Subsequently, the researchers developed a monoclonal antibody designed to target and neutralize DDR2 receptors. In an Alzheimer’s mouse model, this intervention led to improvements in both spatial learning and memory. Brain imaging revealed a reduction in DDR2 levels, a decrease in amyloid plaques, and a strengthened glymphatic system. Gu commented, “The mouse results are overall encouraging and, within the limits of a mouse model, fairly impressive. It reiterates the significance of glymphatic function and brain fluid dynamics in brain health. This suggests DDR2 is a legitimate target for potential Alzheimer’s treatment.”

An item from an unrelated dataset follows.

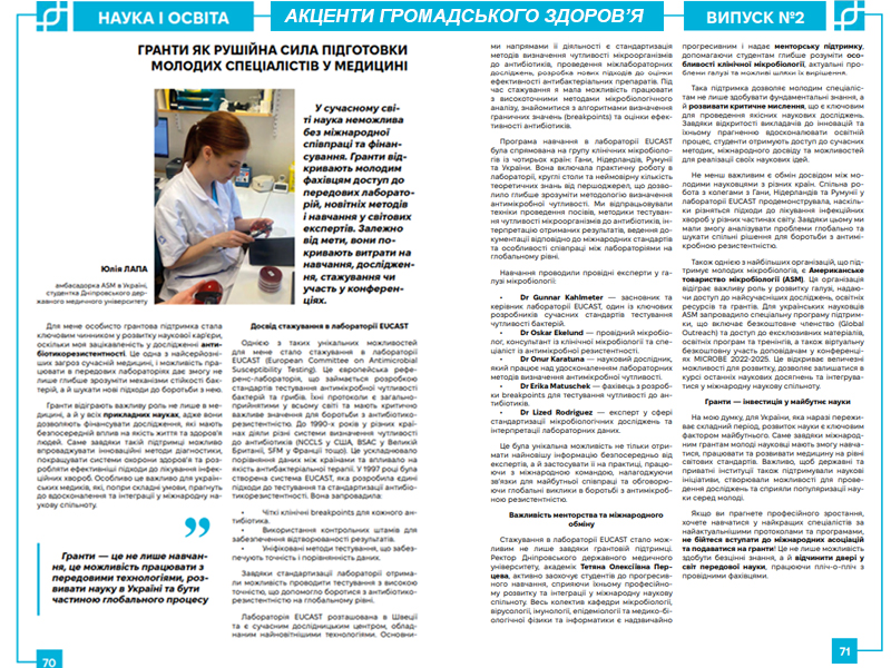 У другому випуску науково-практичного журналу «Акценти громадського здоров’я» (№ 2, 2025), який виходить під редакцією МОЗ України, за запрошенням голови правління Всеукраїнської асоціації фахівців з громадського здоровʼя Руслана Савчука опубліковано статтю студентки 3 курсу Дніпровського державного медичного університету та Young Ambassador Американського товариства мікробіології (ASM) в Україні Юлії Лапи.

César Cunha of the Novo Nordisk Foundation Center for Basic Metabolic Research in Denmark commended the researchers for moving beyond merely targeting amyloid plaques. However, he pointed out that the mouse model used represented a relatively uncommon form of inherited Alzheimer’s, which typically manifests earlier than the more prevalent late-onset form. Therefore, the effectiveness of the antibody in common late-onset Alzheimer’s remains uncertain.
Despite this, Su maintains that DDR2 upregulation has been observed in individuals with both familial and late-onset Alzheimer’s, suggesting broader therapeutic applicability. She also noted that DDR2 expression appears to be influenced by aging and hypoxia, both known risk factors for late-onset Alzheimer’s.
The research team is currently conducting a clinical trial employing a tracer to monitor DDR2 levels in the brains of individuals with Alzheimer’s. This will help determine the optimal sites for antibody administration, according to Li. They are also working on developing a smaller antibody fragment engineered to more effectively penetrate the blood-brain barrier.